┌──

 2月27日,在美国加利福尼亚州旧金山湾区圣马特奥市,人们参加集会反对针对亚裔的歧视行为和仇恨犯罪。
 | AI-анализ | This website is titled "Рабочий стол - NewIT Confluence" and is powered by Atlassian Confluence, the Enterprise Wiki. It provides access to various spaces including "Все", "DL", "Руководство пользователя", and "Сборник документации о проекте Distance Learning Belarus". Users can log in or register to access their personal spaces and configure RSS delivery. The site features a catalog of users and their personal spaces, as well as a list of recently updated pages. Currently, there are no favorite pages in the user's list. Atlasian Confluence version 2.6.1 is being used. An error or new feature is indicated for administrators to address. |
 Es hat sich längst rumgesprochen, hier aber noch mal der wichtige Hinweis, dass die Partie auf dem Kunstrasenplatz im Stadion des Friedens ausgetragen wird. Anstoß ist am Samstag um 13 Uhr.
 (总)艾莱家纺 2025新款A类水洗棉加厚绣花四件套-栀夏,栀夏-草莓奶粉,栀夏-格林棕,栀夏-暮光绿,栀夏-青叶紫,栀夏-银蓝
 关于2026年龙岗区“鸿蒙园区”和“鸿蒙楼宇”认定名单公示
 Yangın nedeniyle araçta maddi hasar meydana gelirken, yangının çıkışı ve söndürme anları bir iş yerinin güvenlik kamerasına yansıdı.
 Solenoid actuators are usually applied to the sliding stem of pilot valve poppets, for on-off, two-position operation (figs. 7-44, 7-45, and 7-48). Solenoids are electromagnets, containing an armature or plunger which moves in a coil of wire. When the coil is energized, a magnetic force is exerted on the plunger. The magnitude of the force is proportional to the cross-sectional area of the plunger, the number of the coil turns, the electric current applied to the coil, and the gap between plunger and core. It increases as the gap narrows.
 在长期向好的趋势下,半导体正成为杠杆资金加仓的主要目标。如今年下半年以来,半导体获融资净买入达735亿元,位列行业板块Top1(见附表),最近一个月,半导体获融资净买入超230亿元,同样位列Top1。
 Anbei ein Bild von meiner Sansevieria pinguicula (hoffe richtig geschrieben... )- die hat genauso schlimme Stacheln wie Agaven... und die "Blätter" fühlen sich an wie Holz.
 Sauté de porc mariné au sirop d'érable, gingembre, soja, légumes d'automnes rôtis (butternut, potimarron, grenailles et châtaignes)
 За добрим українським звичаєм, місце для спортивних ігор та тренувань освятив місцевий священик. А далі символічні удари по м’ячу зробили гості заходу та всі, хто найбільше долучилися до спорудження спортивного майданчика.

└──

- TASK GOAL
Reproduce exactly the stretch of the material above that starts at the line with "(总)艾莱家纺 2025新款" and ends at the line with "Yangın nedeniyle araçta", both included, and nothing else.

- WRITTEN ANSWER
 (总)艾莱家纺 2025新款A类水洗棉加厚绣花四件套-栀夏,栀夏-草莓奶粉,栀夏-格林棕,栀夏-暮光绿,栀夏-青叶紫,栀夏-银蓝
 关于2026年龙岗区“鸿蒙园区”和“鸿蒙楼宇”认定名单公示
 Yangın nedeniyle araçta maddi hasar meydana gelirken, yangının çıkışı ve söndürme anları bir iş yerinin güvenlik kamerasına yansıdı.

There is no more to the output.